Parsing XML into a DOM Tree (Perl Cookbook, 2nd Edition)

22.2.1. Problem

You want to use the Document Object Model (DOM) to access and perhaps change the parse tree of an XML file.

22.2.2. Solution

use XML::LibXML;
my $parser = XML::LibXML->new( );
my $dom    = $parser->parse_string($XML);
# or
my $dom    = $parser->parse_file($FILENAME);
my $root   = $dom->getDocumentElement;

22.2.3. Discussion

DOM is a framework of classes for representing XML parse trees. Each element is a node in the tree, with which you can do operations like find its children nodes (the XML elements in this case), add another child node, and move the node somewhere else in the tree. The parse_string, parse_file, and parse_fh (filehandle) constructors all return a DOM object that you can use to find nodes in the tree.

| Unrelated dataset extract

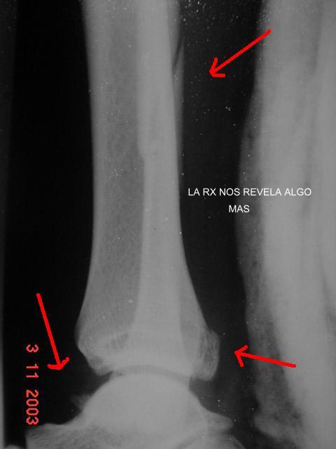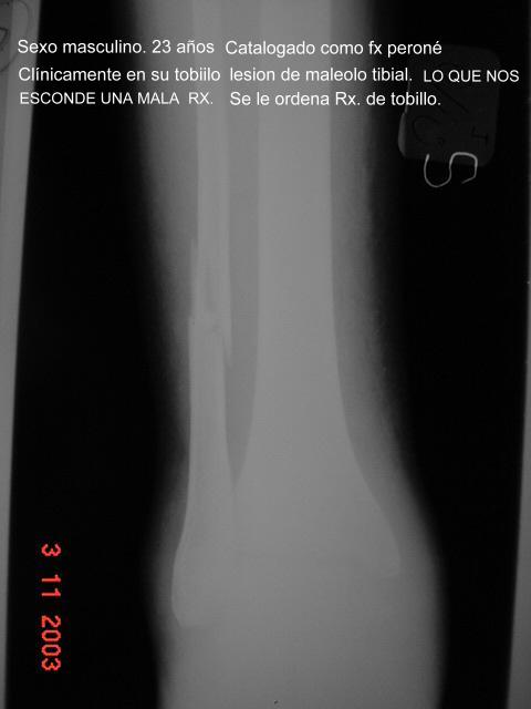 Las tres Rx son del mismo paciente. UNA RADIOGRAFÍA de pierna que cataloga al paciente como fractura del peroné solamente. La clínica se impone. Las otras radiografías confirman a la clínica.

For example, given the books XML from Example 22-1, Example 22-2 shows one way to print the titles.

Example 22-2. dom-titledumper

#!/usr/bin/perl -w
# dom-titledumper -- display titles in books file using DOM

use XML::LibXML;
use Data::Dumper;
use strict;

my $parser = XML::LibXML->new;
my $dom = $parser->parse_file("books.xml") or die;

# get all the title elements
my @titles = $dom->getElementsByTagName("title");
foreach my $t (@titles) {
    # get the text node inside the <title> element, and print its value
    print $t->firstChild->data, "\n";
}

The getElementsByTagName method returns a list of elements as nodes within the document that have the specific tag name. Here we get a list of the title elements, then go through each title to find its contents. We know that each title has only a single piece of text, so we assume the first child node is text and print its contents.

If we wanted to confirm that the node was a text node, we could say:

die "the title contained something other than text!"
  if $t->firstChild->nodeType != 3;

This ensures that the first node is of type 3 (text). Table 22-1 shows LibXML's numeric node types, which the nodeType method returns.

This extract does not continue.